Given records
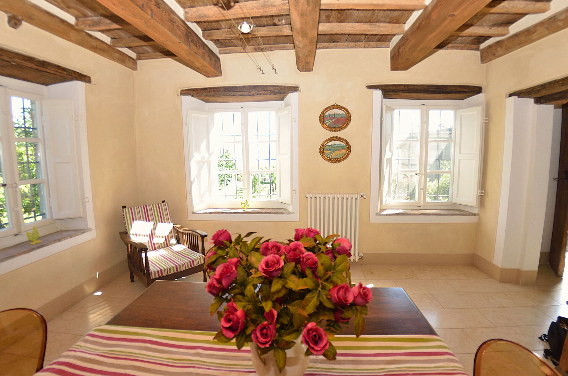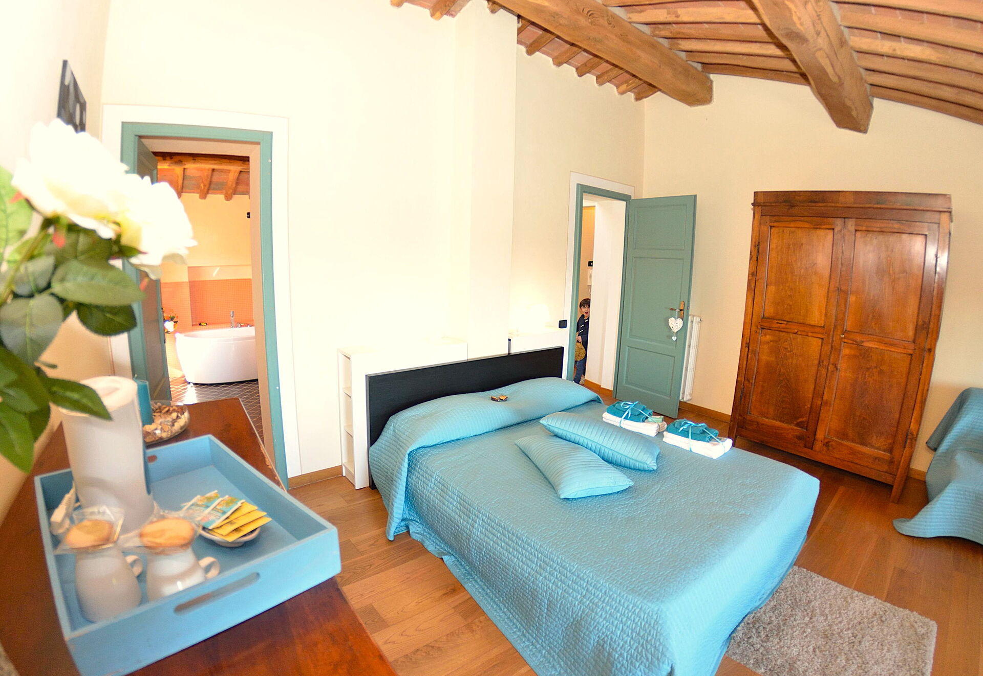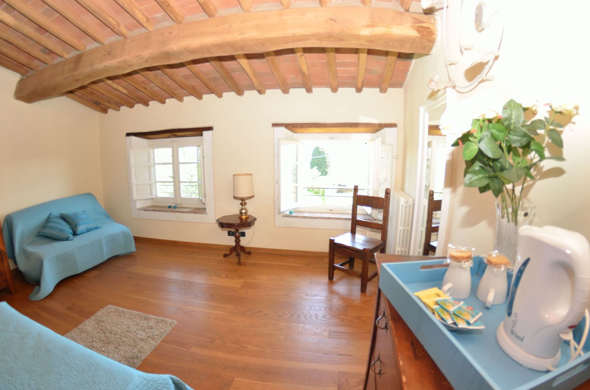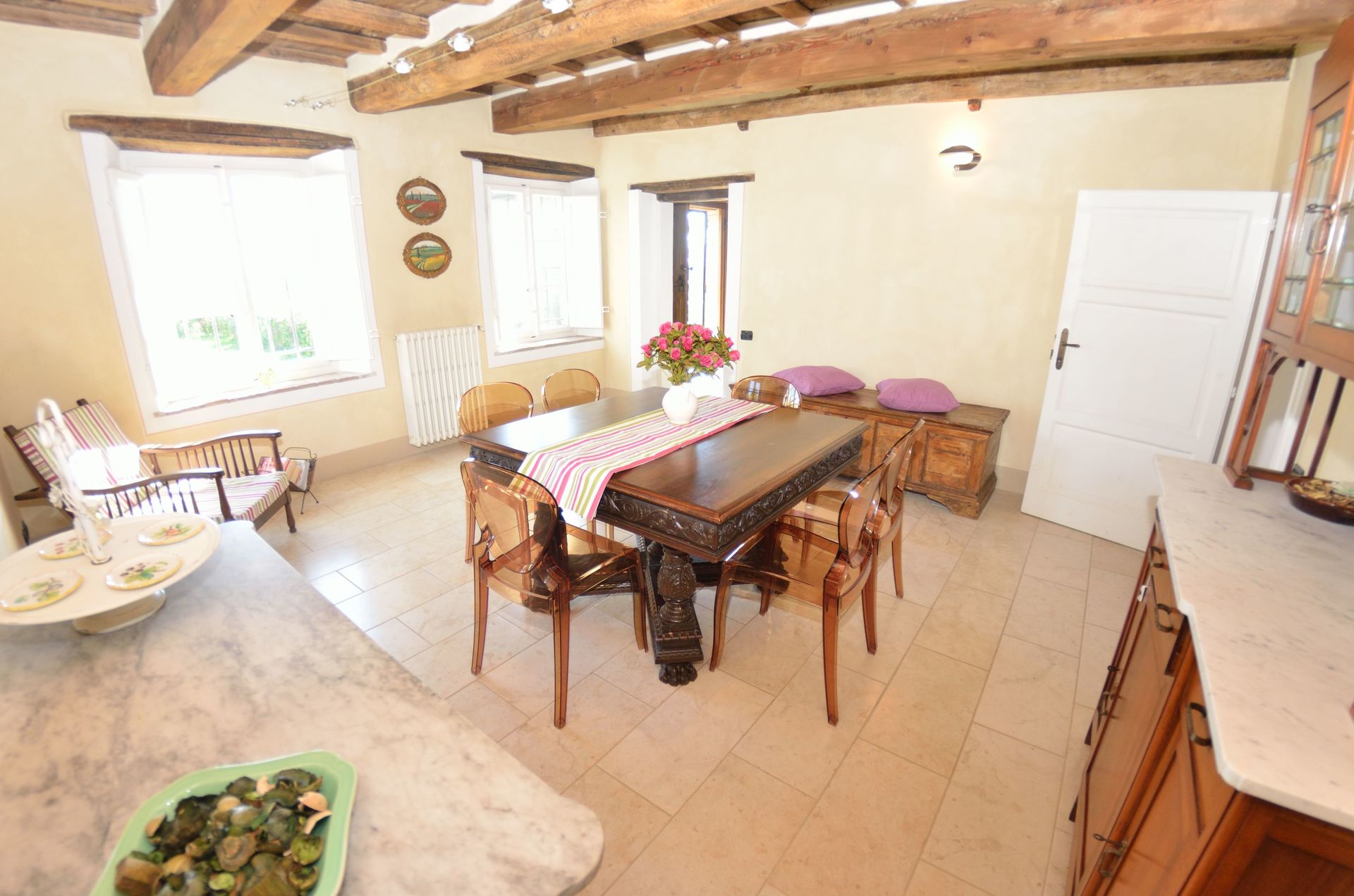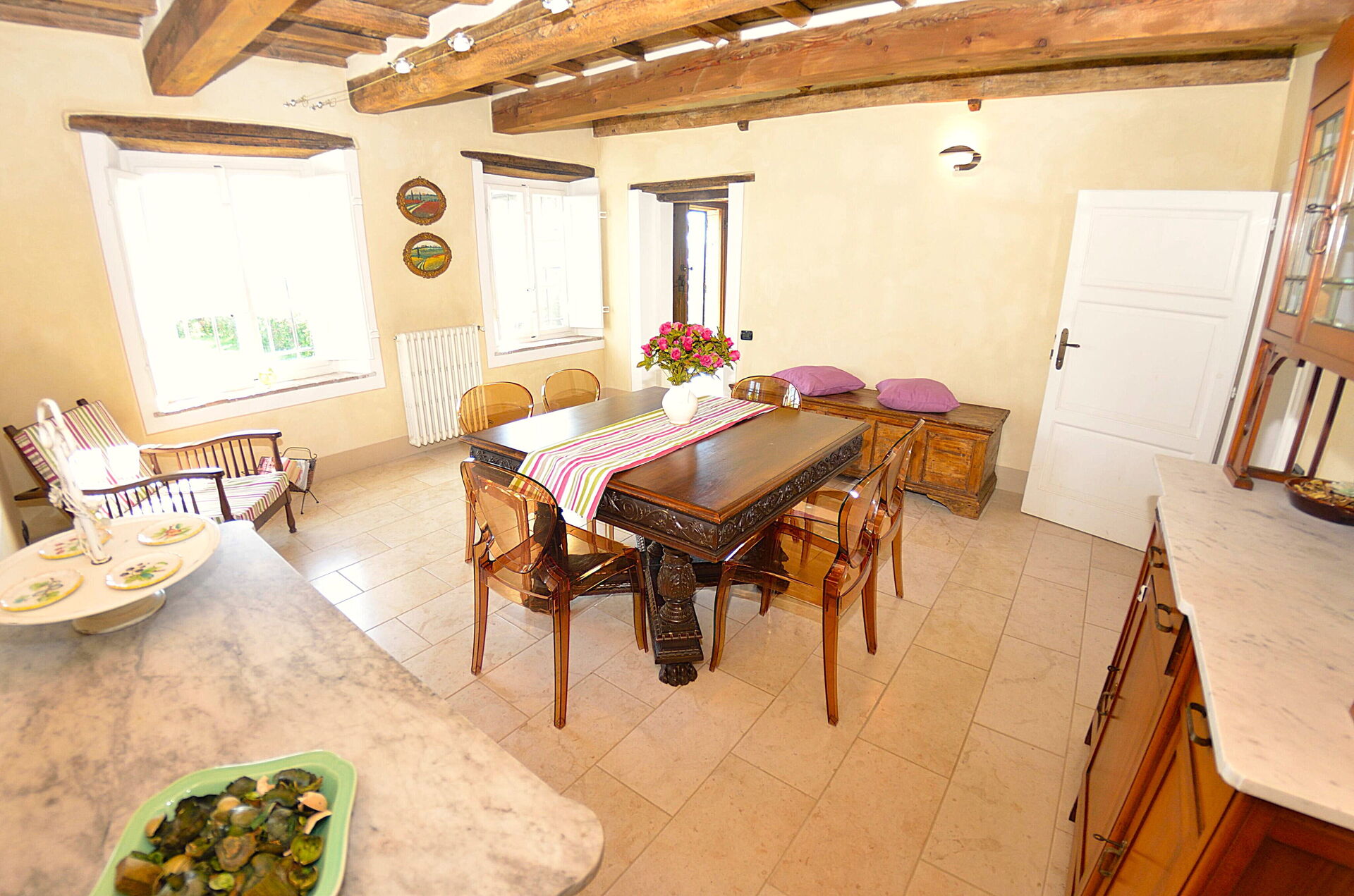 - versione per un numero massimo di 6+1 persone: ci sono 3 camere da letto a disposizione degli ospiti, il che significa che la quarta camera da letto, al piano inferiore, accanto al frantoio, NON è a disposizione degli ospiti.
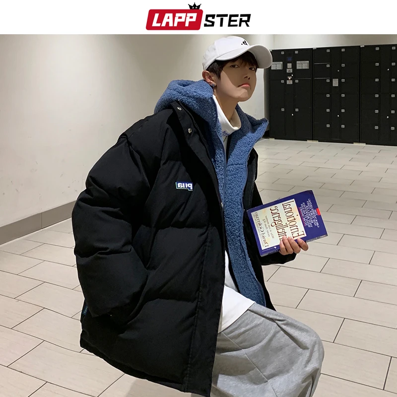 Парка LAPPSTER мужская из овечьей шерсти, однотонная пузырьковая куртка с капюшоном, стиль харадзюку, в стиле пэчворк, корейская зимняя, 2022
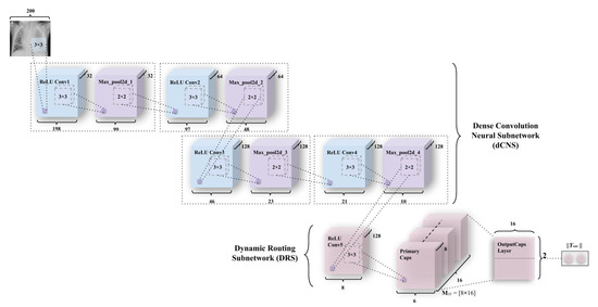 The second model—integration of convolutions with capsules (ICC), depicted in Figure 6—used for detecting pneumonia, is a combination of convolutions with capsule layers among which (simple capsules at the bottom of Figure 6), the routing occurs. This network has two subnetworks—the dense convolution neural subnetwork (or also known as dCNS) and the dynamic routing subnetwork (or also known as DRS).
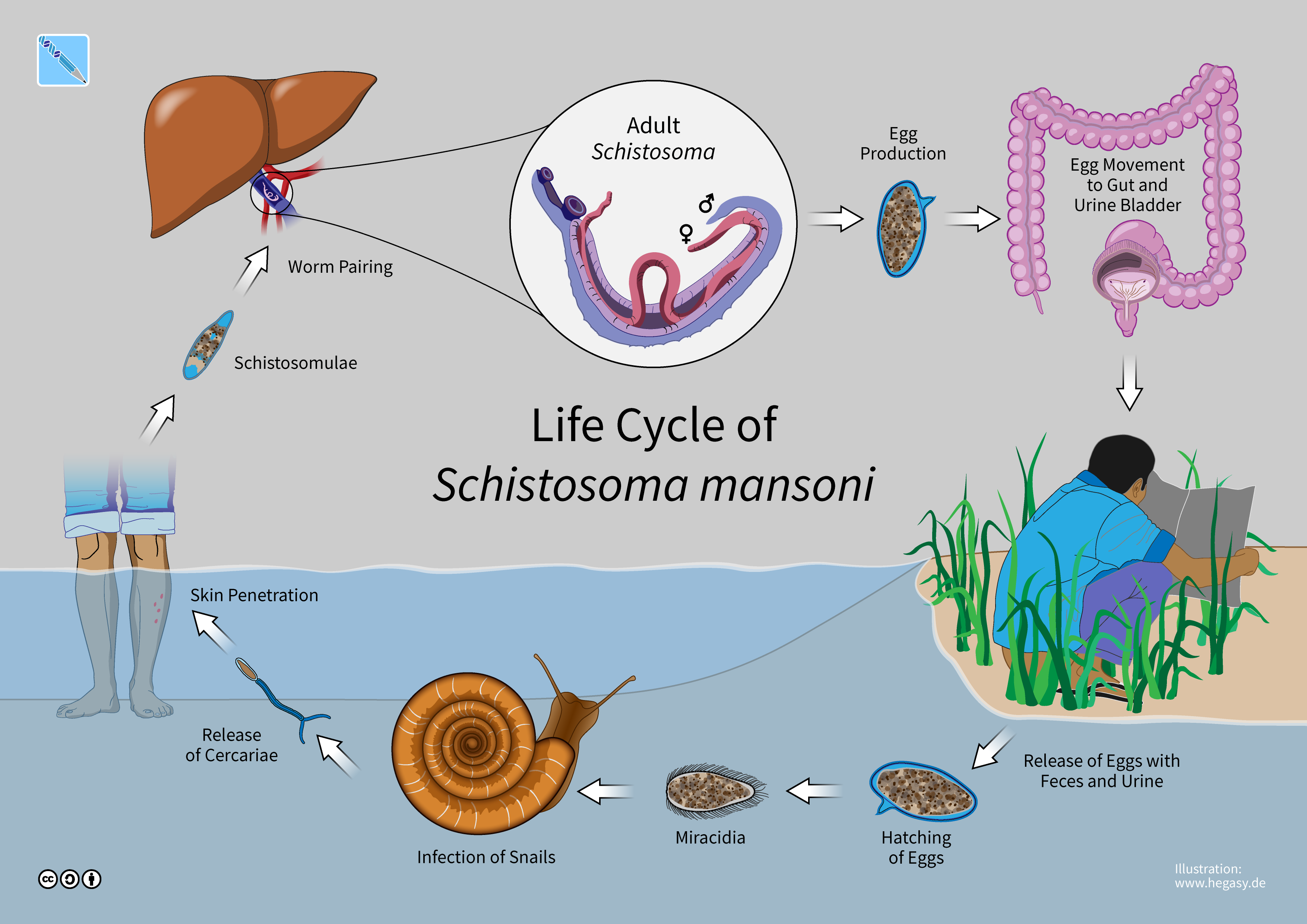 충란은 분변과 함께 배출되어, 물속에서 성숙한 유미유충이 부화한다. 물달팽이과 ''Biomphalaria''속에 속하는 달팽이를 중간 숙주로 삼고 있으며, 유미유충은 이 달팽이를 만나면 체표에서 조직 내로 침입하여, 포자낭으로 변태한다. 모포자낭, 딸포자낭 2세대를 거친 후, 수천 개의 유미유충이 생성된다. 베네수엘라에서는 아프리카 왕달팽이도 중간 숙주가 될 수 있다고 보고되었다.
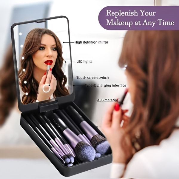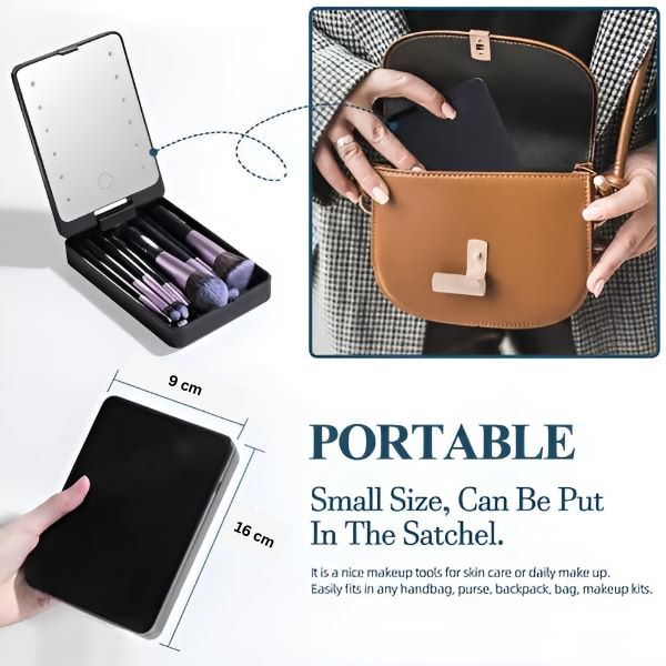 💡 Espelho LED incorporado na caixa compacta para retoques em movimento.

What needs to be done
Repeat word for word, and nothing more, the lines between the line containing "충란은 분변과 함께 배출되어, 물속에서" and the last line of the records above, inclusive, without pictures.

Response to the task
 충란은 분변과 함께 배출되어, 물속에서 성숙한 유미유충이 부화한다. 물달팽이과 ''Biomphalaria''속에 속하는 달팽이를 중간 숙주로 삼고 있으며, 유미유충은 이 달팽이를 만나면 체표에서 조직 내로 침입하여, 포자낭으로 변태한다. 모포자낭, 딸포자낭 2세대를 거친 후, 수천 개의 유미유충이 생성된다. 베네수엘라에서는 아프리카 왕달팽이도 중간 숙주가 될 수 있다고 보고되었다.
 💡 Espelho LED incorporado na caixa compacta para retoques em movimento.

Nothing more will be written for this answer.